### What the task requires
Stop at the line that contains "Say a bank picks". Until then, set down each line of the records exactly, beginning with the first, and skip pictures.

■ ■ ■

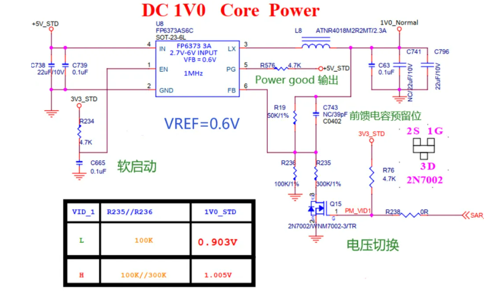 电路图如下,采用Q15控制反馈电阻,上电时,Q15导通,此时反馈电压等于输出电压在50KΩ和75KΩ(100K并联300K)分压值,此时电路输出1V即提供内核启动电压。
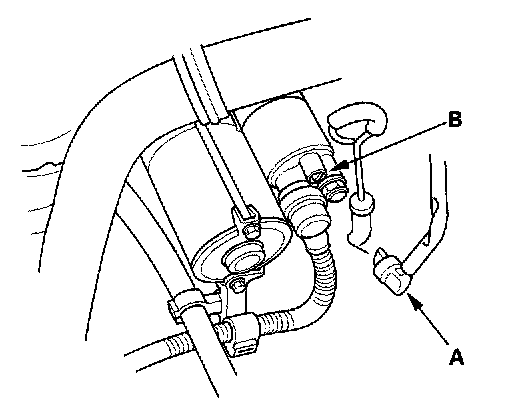 5. Make sure the transmission is in Park or Neutral, then disconnect the BLK, WHT wire (A) from the starter solenoid (B). Connect a jumper wire from the battery positive terminal to the solenoid terminal.
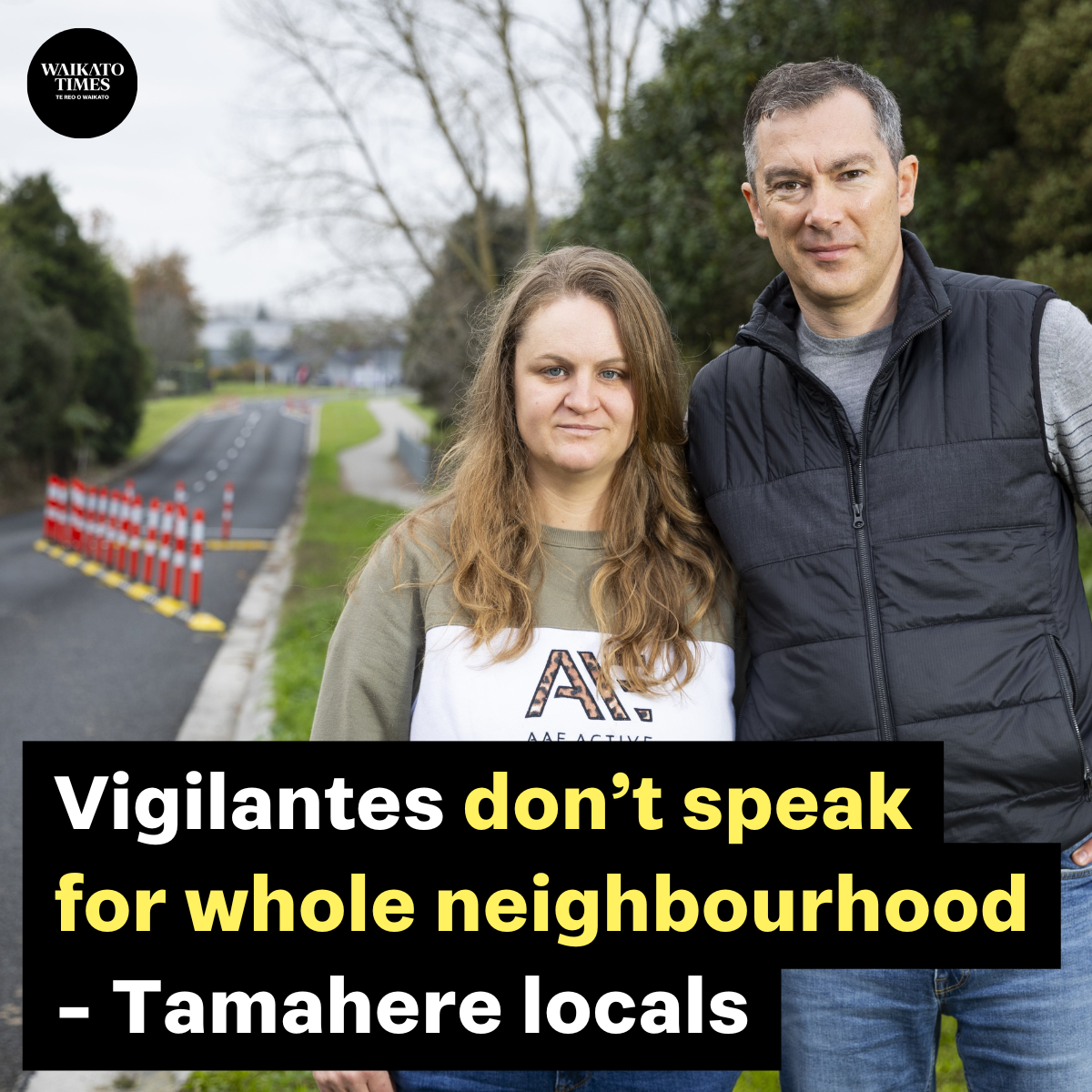 Matthew Scarborough and Lauren McLean, who live on Birchwood Lane with their three children, … View moreA battle over 28 seconds has erupted into vandalism, outrage, and division on a quiet Tamahere street, after “vigilantes” ripped out traffic-calming measures installed by the district council.
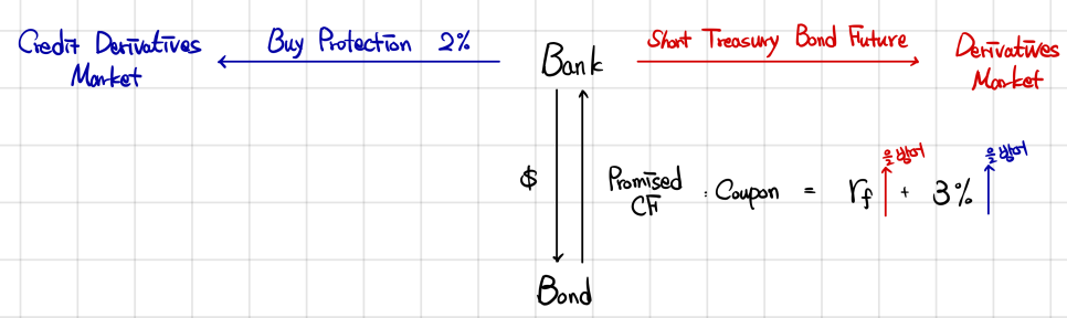 Say a bank picks up a bond, and in the bond market that bond pays a fixed coupon at risk-free + 3% spread.
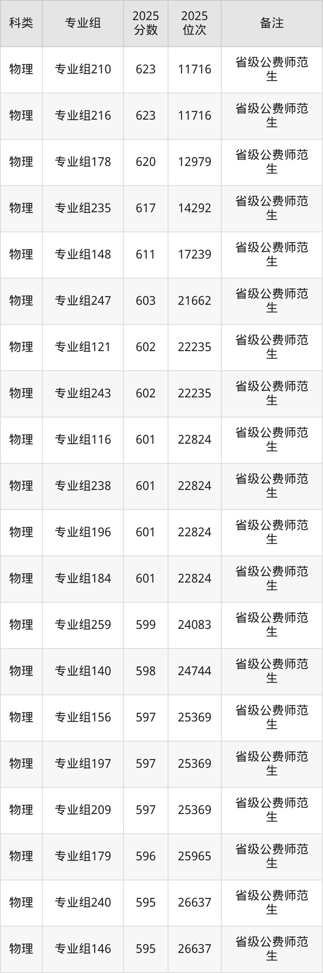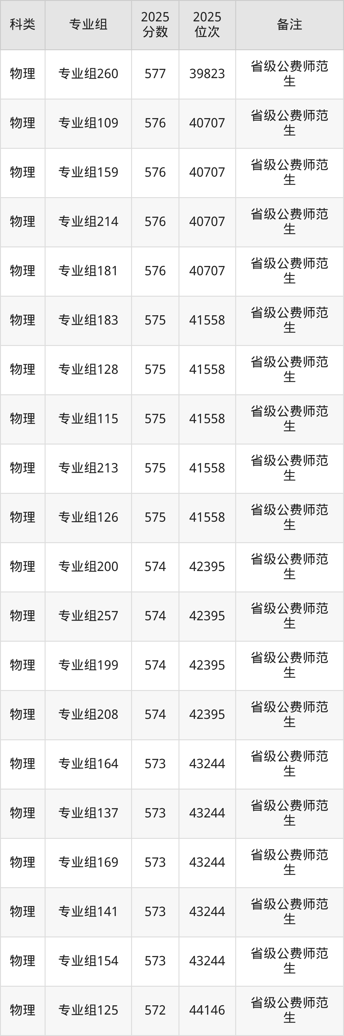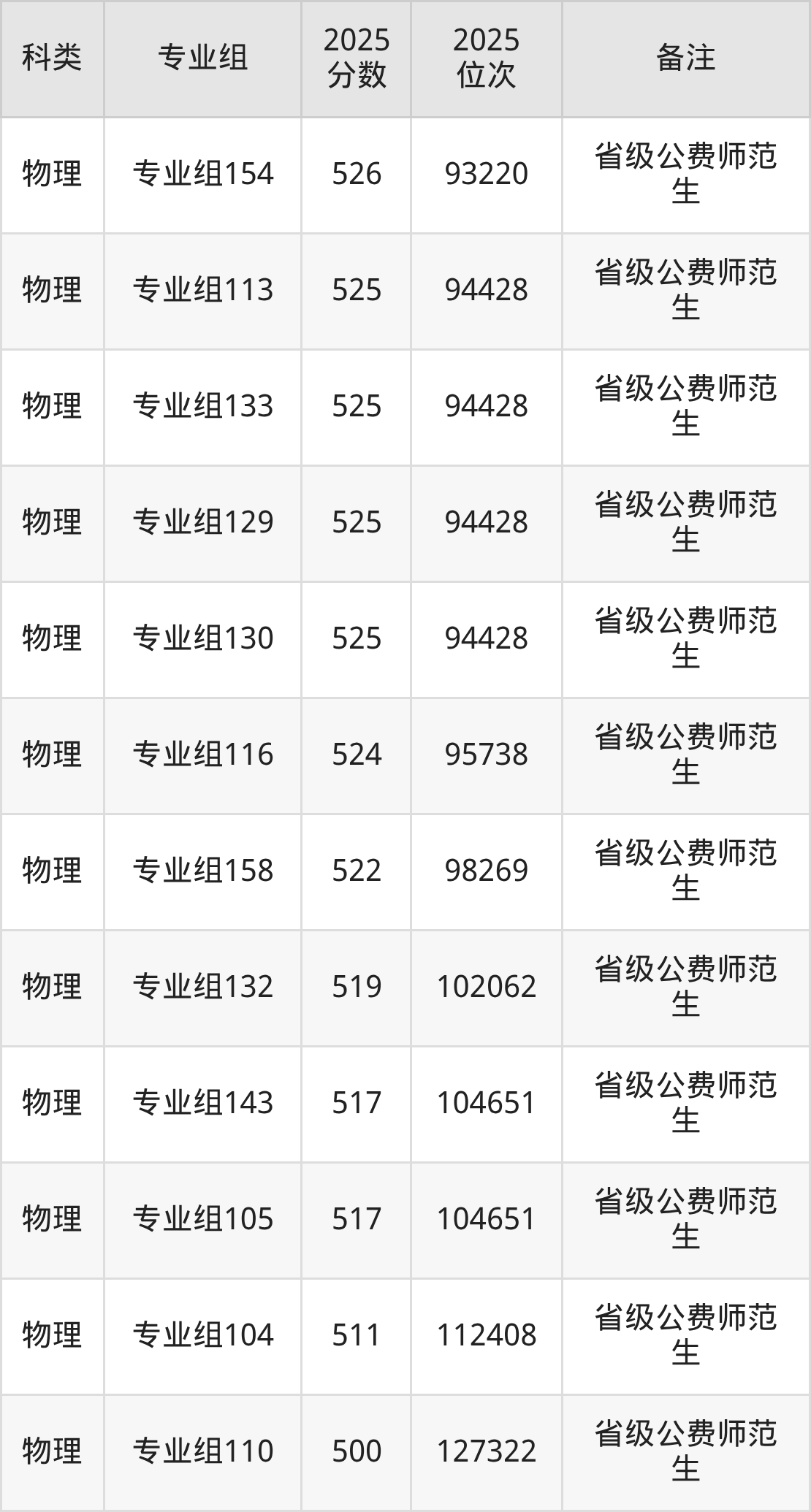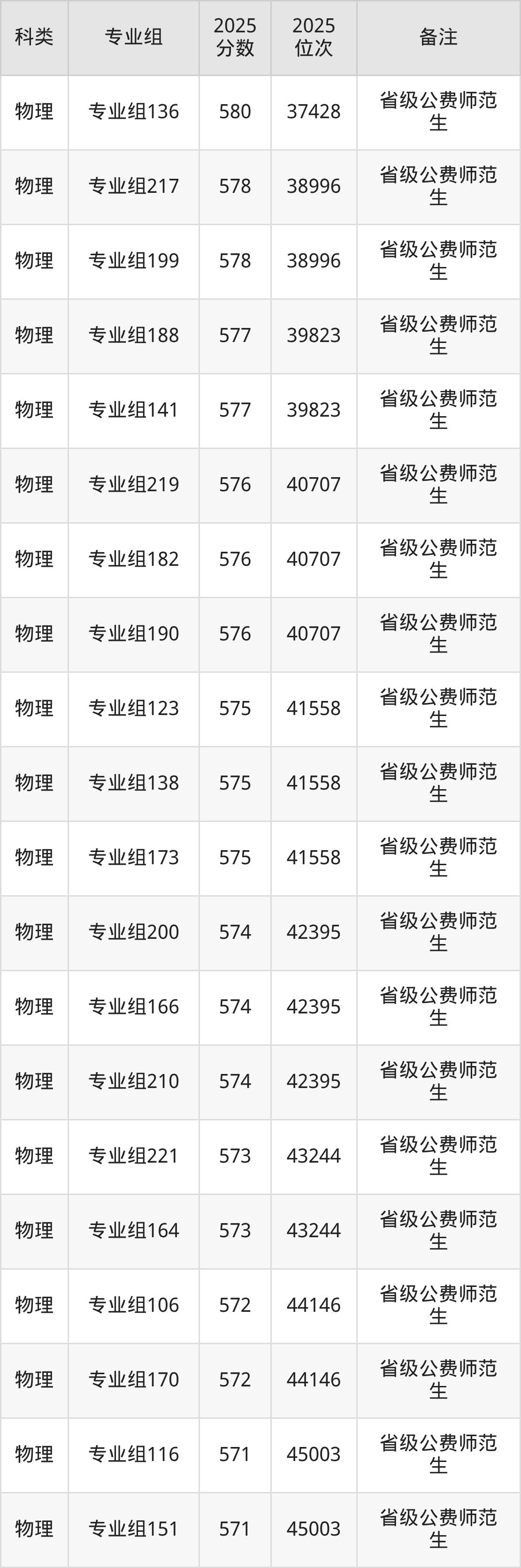物理+不限:专业组101(省级公费师范生)510分、位次113767名;专业组102(省级公费师范生)565分、位次50491名;专业组103(省级公费师范生)578分、位次38996名;专业组104(省级公费师范生)537分、位次79949名;专业组105(省级公费师范生)553分、位次62454名等。
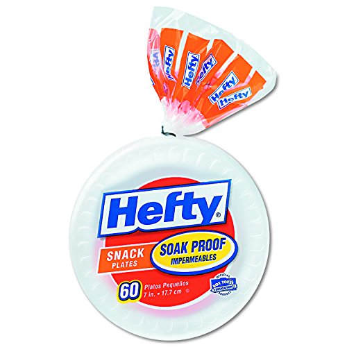 Hefty Everyday Foam Snack Plates (White, Soak Proof, 7-inch, 60 Count)
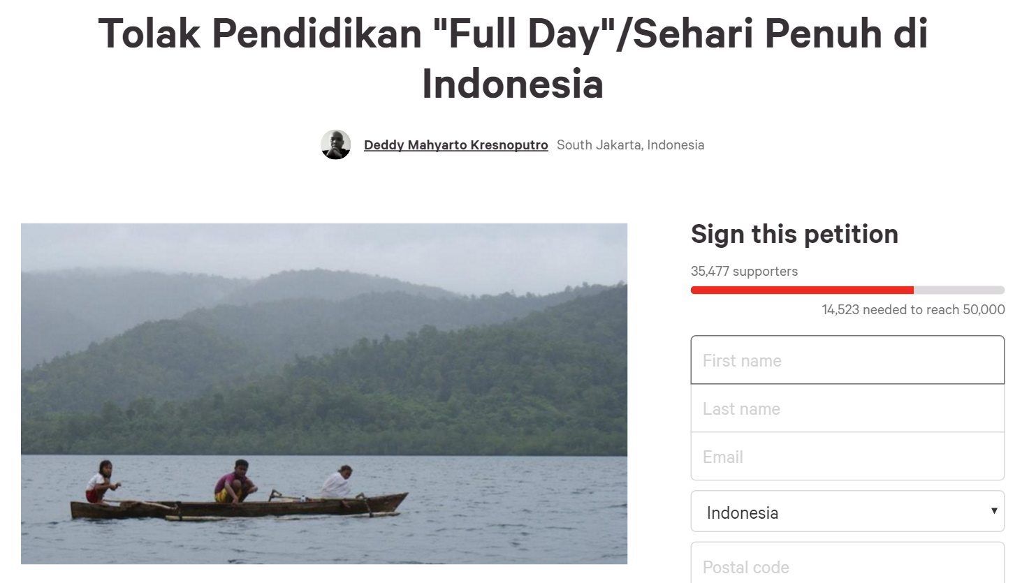 Para orang tua bahkan mengajukan petisi untuk menolak full day school
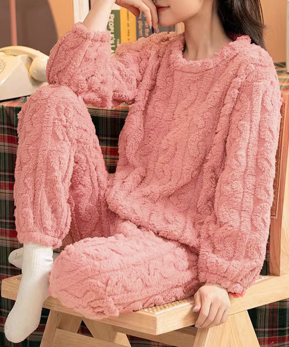 [パジャマセット] フリースパジャマ レディース 上下セット ケーブル柄ルームウェア 秋冬 もこもこ ナイトウェア ふわふわ 韓国 厚手 部屋着 無地 あったか 冬用 防寒
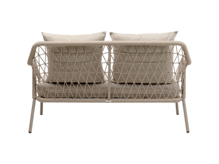 Τα άνετα μαξιλάρια καθίσματος και πλάτης δημιουργούν μια φιλόξενη lounge εμπειρία, ιδανική για στιγμές χαλάρωσης στον εξωτερικό χώρο. Η επένδυση από ανθεκτικό πολυεστερικό ύφασμα είναι ανθεκτική και πρακτική για καθημερινή χρήση, ενώ η πλέξη από πολυαιθυλένιο προσφέρει σταθερότητα και αντοχή στις εξωτερικές συνθήκες.
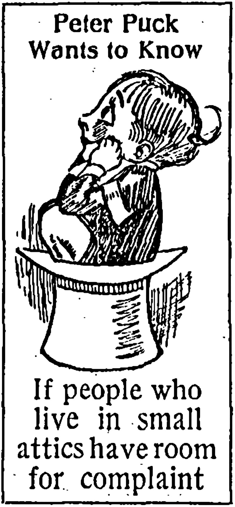 "Peter Puck wants to know if people who live in small attics have room for complaint."  From The Children's Newspaper, 1933.
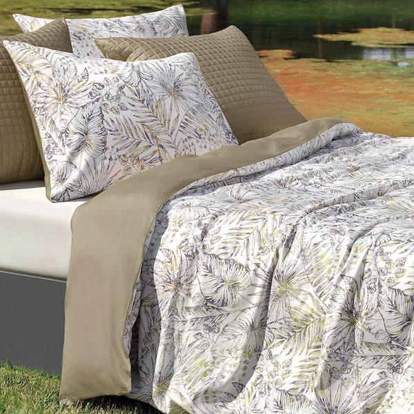 Het Dommelin dekbedovertrek Ardesch Brons is uitgevoerd in een fijne kwaliteit satijn van 400 threadcount. Een weelderig tafereel van grote bladeren siert de bovenkant, de
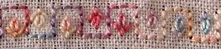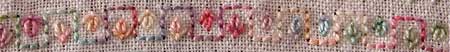 This band is made up of back stitch, detached chain stitch and fly stitch.
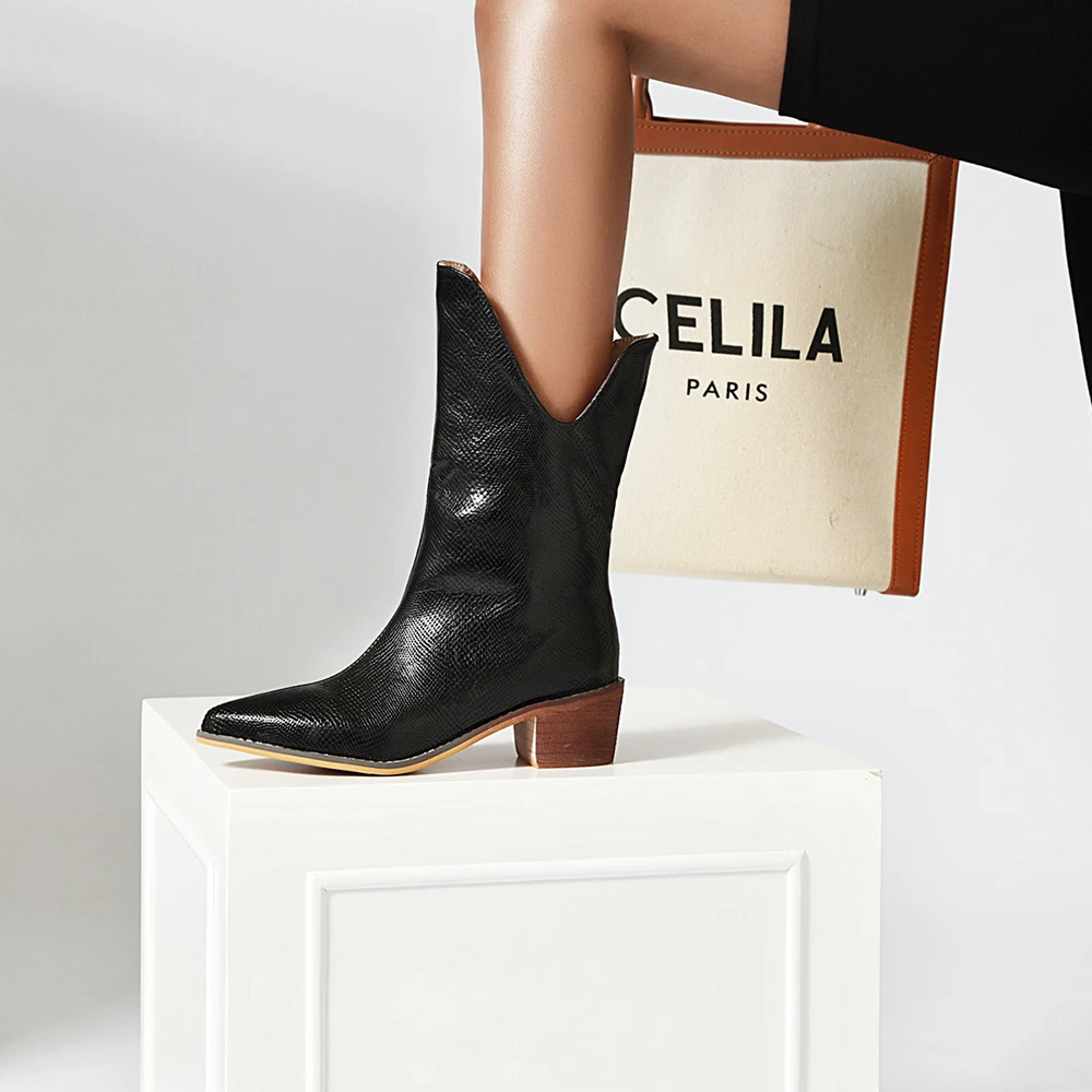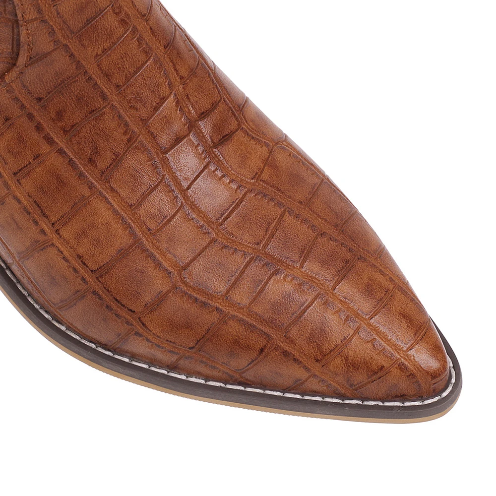 Женские ковбойские полусапожки на танкетке, с острым носком

■ ■ ■

### Expected answer
 电路图如下,采用Q15控制反馈电阻,上电时,Q15导通,此时反馈电压等于输出电压在50KΩ和75KΩ(100K并联300K)分压值,此时电路输出1V即提供内核启动电压。
 5. Make sure the transmission is in Park or Neutral, then disconnect the BLK, WHT wire (A) from the starter solenoid (B). Connect a jumper wire from the battery positive terminal to the solenoid terminal.
 Matthew Scarborough and Lauren McLean, who live on Birchwood Lane with their three children, … View moreA battle over 28 seconds has erupted into vandalism, outrage, and division on a quiet Tamahere street, after “vigilantes” ripped out traffic-calming measures installed by the district council.
 Say a bank picks up a bond, and in the bond market that bond pays a fixed coupon at risk-free + 3% spread.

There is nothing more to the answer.